» **What is being asked**
Take the lines below from the one with "Te alquilo hermoso, acogedor" through the one with "sun, red, outdoors" and retype them exactly. Include nothing else, and no pictures.

» **Task material**
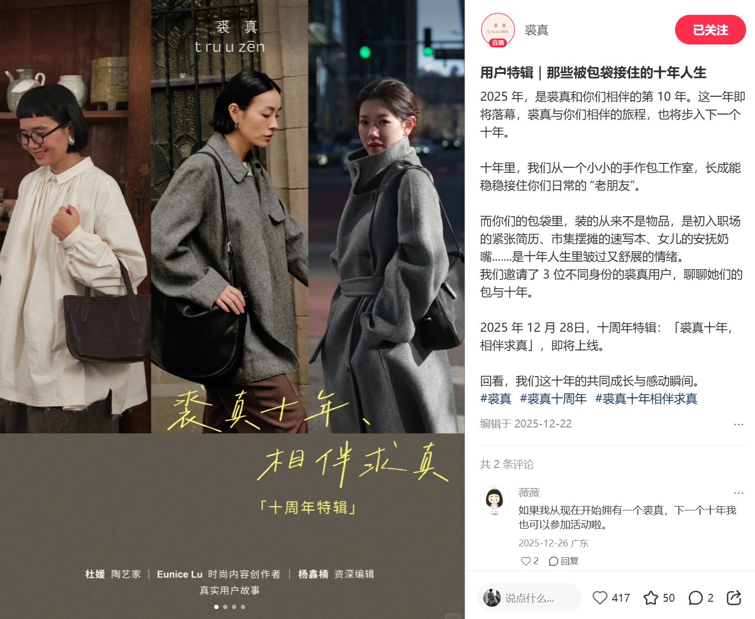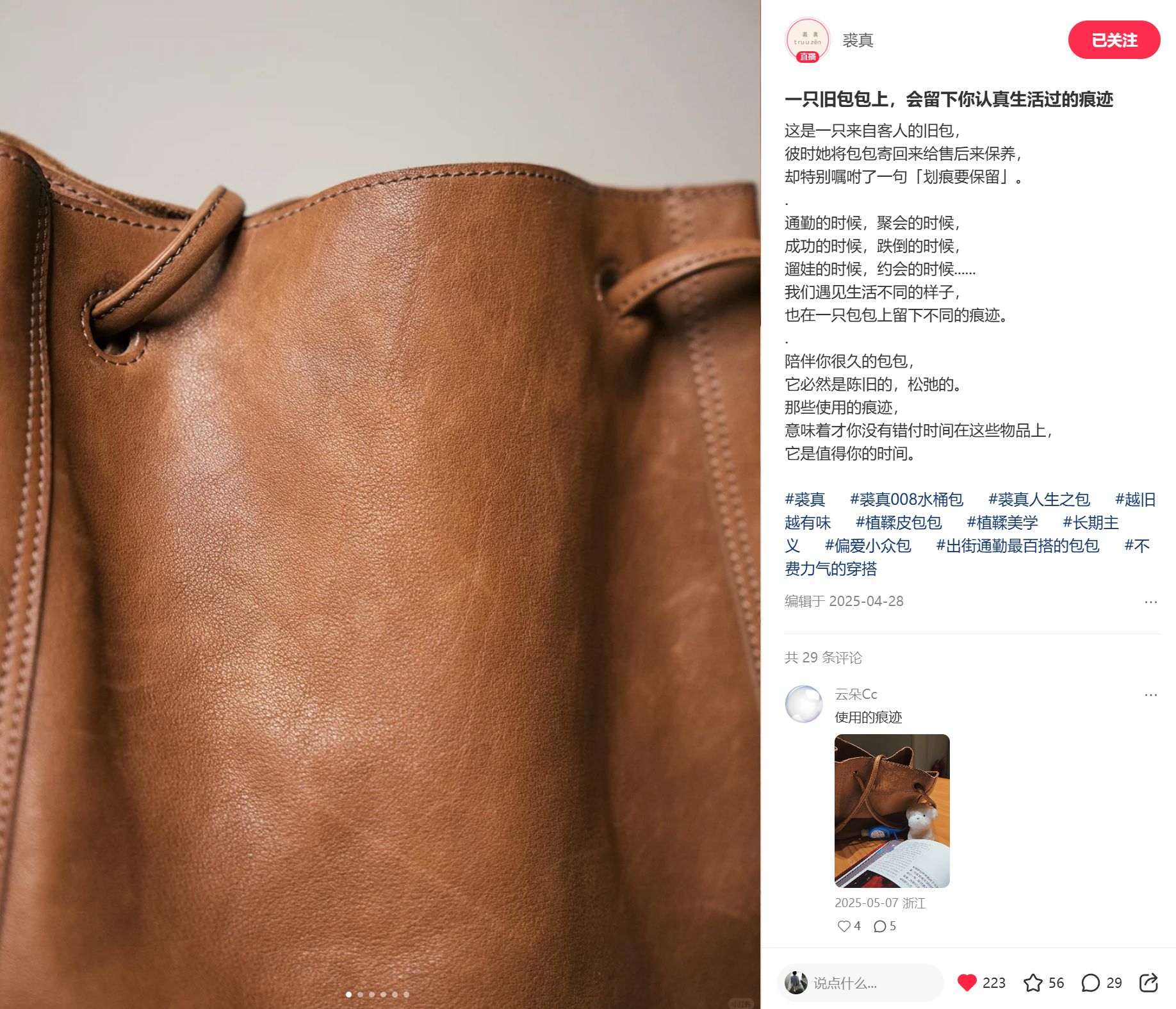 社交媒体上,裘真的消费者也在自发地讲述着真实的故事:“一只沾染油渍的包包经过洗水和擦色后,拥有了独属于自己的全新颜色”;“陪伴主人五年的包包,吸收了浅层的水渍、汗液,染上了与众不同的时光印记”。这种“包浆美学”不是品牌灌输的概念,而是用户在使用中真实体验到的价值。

* * *

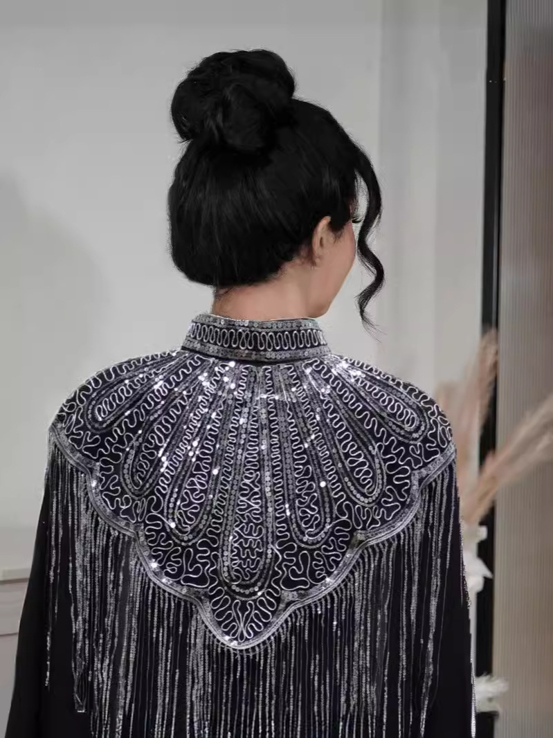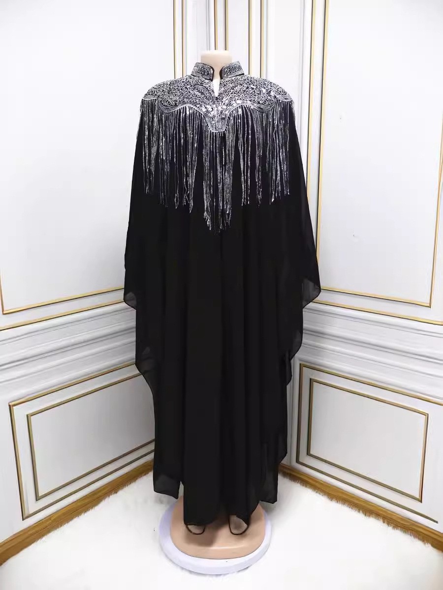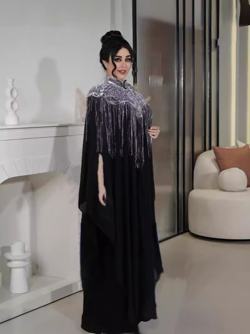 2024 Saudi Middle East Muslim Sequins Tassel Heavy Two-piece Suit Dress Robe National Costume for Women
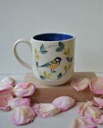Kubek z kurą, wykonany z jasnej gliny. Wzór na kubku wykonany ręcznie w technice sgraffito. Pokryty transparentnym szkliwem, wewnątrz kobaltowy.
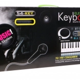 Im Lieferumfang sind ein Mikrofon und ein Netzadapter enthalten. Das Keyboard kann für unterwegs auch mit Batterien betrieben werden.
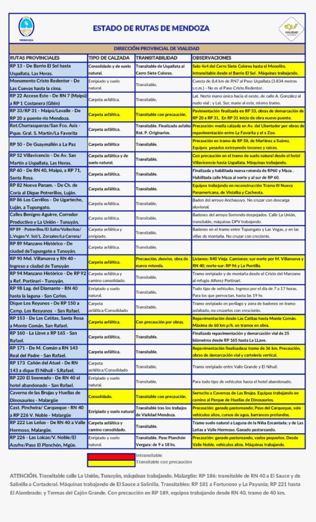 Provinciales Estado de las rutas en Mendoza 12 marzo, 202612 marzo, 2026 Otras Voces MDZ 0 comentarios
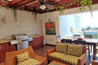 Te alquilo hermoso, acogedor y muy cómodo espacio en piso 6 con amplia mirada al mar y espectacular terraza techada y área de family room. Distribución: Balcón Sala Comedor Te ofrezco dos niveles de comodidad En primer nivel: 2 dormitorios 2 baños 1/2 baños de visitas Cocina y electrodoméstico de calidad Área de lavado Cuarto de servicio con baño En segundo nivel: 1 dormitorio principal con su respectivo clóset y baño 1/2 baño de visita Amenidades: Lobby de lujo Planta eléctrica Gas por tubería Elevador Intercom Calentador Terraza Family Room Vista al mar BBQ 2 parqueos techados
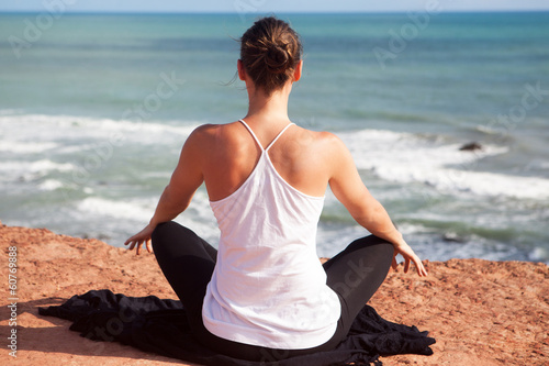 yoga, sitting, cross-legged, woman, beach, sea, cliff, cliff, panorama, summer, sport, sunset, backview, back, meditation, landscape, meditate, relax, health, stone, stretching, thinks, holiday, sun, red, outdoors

==

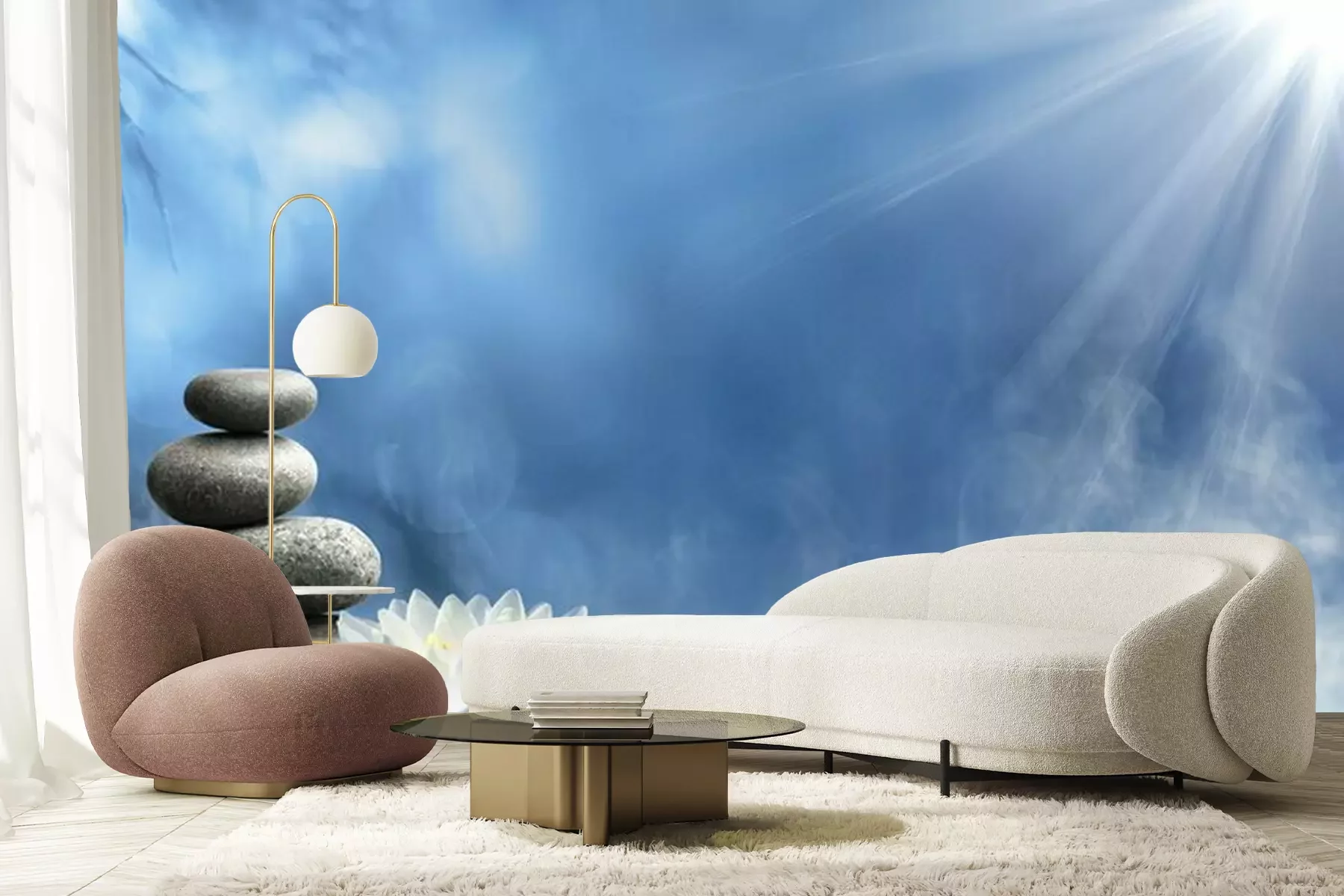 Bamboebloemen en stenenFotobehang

» **Result of the exercise**
 Te alquilo hermoso, acogedor y muy cómodo espacio en piso 6 con amplia mirada al mar y espectacular terraza techada y área de family room. Distribución: Balcón Sala Comedor Te ofrezco dos niveles de comodidad En primer nivel: 2 dormitorios 2 baños 1/2 baños de visitas Cocina y electrodoméstico de calidad Área de lavado Cuarto de servicio con baño En segundo nivel: 1 dormitorio principal con su respectivo clóset y baño 1/2 baño de visita Amenidades: Lobby de lujo Planta eléctrica Gas por tubería Elevador Intercom Calentador Terraza Family Room Vista al mar BBQ 2 parqueos techados
 yoga, sitting, cross-legged, woman, beach, sea, cliff, cliff, panorama, summer, sport, sunset, backview, back, meditation, landscape, meditate, relax, health, stone, stretching, thinks, holiday, sun, red, outdoors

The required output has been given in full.